Statistical analysis of changes in group performance during phase 2
Analyses used SAS v 9.1 (SAS Institute, Cary, North Carolina, USA) and R software package v 0.10–16 (R Foundation for Statistical Computing, Vienna, Austria). We calculated each of the 16 performance measures for the first of each month from February 1, 2007 through February 1, 2010. This yielded a 37-point time series for each measure. For the current analysis, we concentrated only on data from months 24–37. To determine whether changes in performance over this time period were statistically significant, a linear model was fit to each time series using time (ie, month) as a continuous predictor, as described previously.
5 Next, we determined the autoregressive order of the model residuals by minimizing Akaike's information criterion.
12 Finally, we fit a linear regression model with autoregressive errors (using the appropriate number of autoregressive parameters, if any were necessary) to each series. These fitted models were used to test statistical significance.
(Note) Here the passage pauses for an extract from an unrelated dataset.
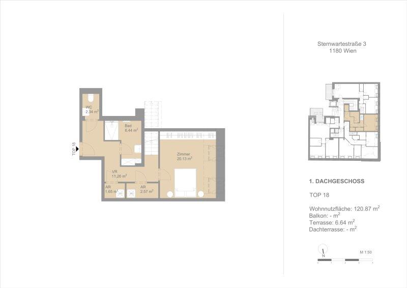 Der Drei-Zimmer-Erstbezug befindet sich im 1. Dachgeschoß und bietet über 120 qm Wohnfläche auf zwei Ebenen und eine hofseitige Terrasse mit rund 7 qm.
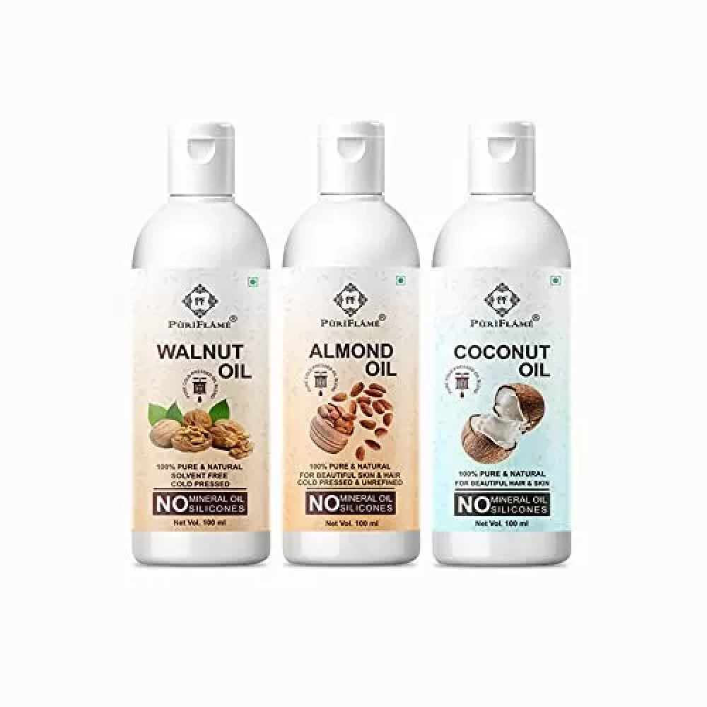 PuriFlame 100% Pure Walnut Oil 100ML and Almond Oil 100ML and Coconut Oil 100ML For Hair Pack Of 3

13 To ensure model validity, we examined several residual diagnostics, the Jarque–Bera and the Shapiro–Wilk tests for normality of residuals, and normal Q-Q and autocorrelation plots.
14–16Changes during phase 2 for physicians with low performance at the end of phase 1
In addition to the time series analyses, we conducted analyses to specifically examine changes in performance for physicians at the low end of the range within the practice. As described above, these physicians were the real target of the phase 2 intervention. We anticipated that the overall changes in performance across all physicians would be relatively small during phase 2 because most physicians were already near the ceiling of attainable quality for many process of care measures (ie, near 100% for prescribing recommended medications) and for preventive care measures most physicians were actively using the clinical decision support tools and performance was still rising at a steady pace.
To examine changes at the physician level, we developed two composite measures, one for the seven recommended medications for patients with coronary artery disease (four measures) and/or heart failure (three measures), and one for the five preventive services. For each physician in the practice throughout the entire study period (N=31), we identified all patients eligible for each of the composite measures at the start and end of phase 2 who did not have an exception recorded. We then determined whether the medication was prescribed and determined the performance (percent satisfied). Thus, if a physician had five patients eligible for all coronary artery disease measures and four eligible for all heart failure measures, none of which had an exception documented, the physician would have 32 eligible measures and a range of possible performance from 0 to 32. Performance was reported as percent satisfied, as described above. For each of the two composite measures, we compared differences in the mean improvement in performance during phase 2 for the 15 physicians whose performance was below the median and the 15 physicians whose performance was above the median using two-sample t tests.